Мать, расстроенная, толкнула меня в плечо:

— Слышишь, что ли, как тебя тётя Маня уму-разуму учит?

— Слышу, — буркнул я угрюмо.

— Ну, так иди к ней и покайся. Ведь она нас приютила. Нам надо в ножки ей поклониться:

— Не пойду!

Я рванулся к двери и выбежал на двор. Под вешелами Степанида-яга тяжело шоркала своими разбухшими ногами в высоких резиновых калошах. Как всегда, она басовито бормотала что-то сама с собою. Из открытых окон комнаты причитал голосок Манюшки, а кроткий голос матери виновато оправдывался. Дунярка надорванно крикнула: «Мамынька, милая, не казнись!..» Вдруг отвердевший голос матери решительно прозвенел: «Нет, Марья Васильевна, бить я его не буду… Мы и так биты-шиты да стёганы…»

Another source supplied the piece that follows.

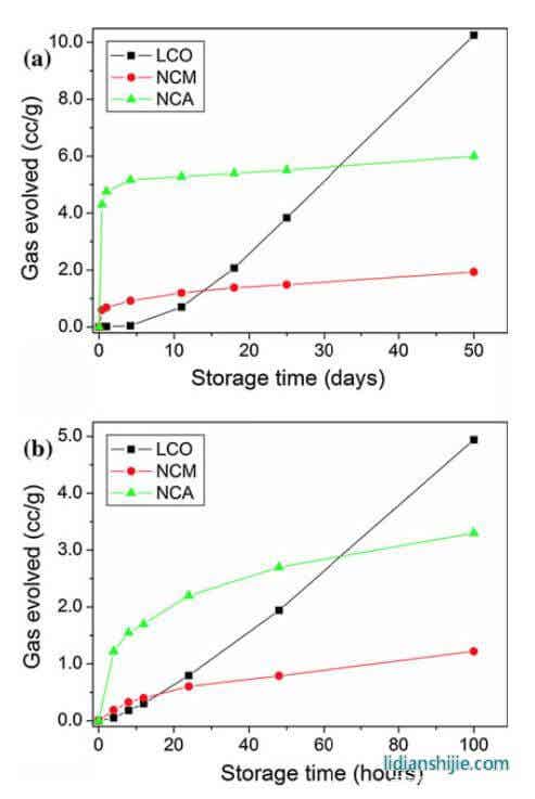 下图b为LCO、NCM和NCA材料在85℃存储过程中的产气行为,从图中能够看到在85℃下存储时三种材料的产气行为与60℃下存储时几乎完全相当,但是产气速度更快。

Я обошёл вешала и на другой стороне, у навозника, лицом к лицу встретился со старухой. Она стояла в рыбьей гуще и улыбалась мне полынными глазами. Две седые косички, связанные тряпочкой, свешивались на плечи. Парусиновый фартук был густо пропитан жиром и рассолом, и в разных местах соль шершавилась рыжими пятнами. Я уже привык к смраду, и Степанида не казалась мне такой зловещей ягой, как в первые дни.

— Ну что, мышонок? Замяукала кошка, а ты наутёк? Храбрый-то какой!

— А мне нечего перед ней каяться, — враждебно надулся я. — Пищит, как нищенка, и всё прячет да таится…

Старуха пристально смотрела на меня и слушала внимательно, растирая усмешку изуродованными, в болячках, пальцами.

— Вот ведь беда какая! А ты и расстроился? Долго ли обидеть человека-то… — У ней что-то забурчало и захрипело в горле. Она смеялась. — Взъерепенился! Заноровился! Обиделся! Тушкан тоже, должно, обижается, ежели за ним собака гонится. Худо, паренёк, худо! Не обижаться надо, а так расплачиваться, чтобы на душе вольготно было.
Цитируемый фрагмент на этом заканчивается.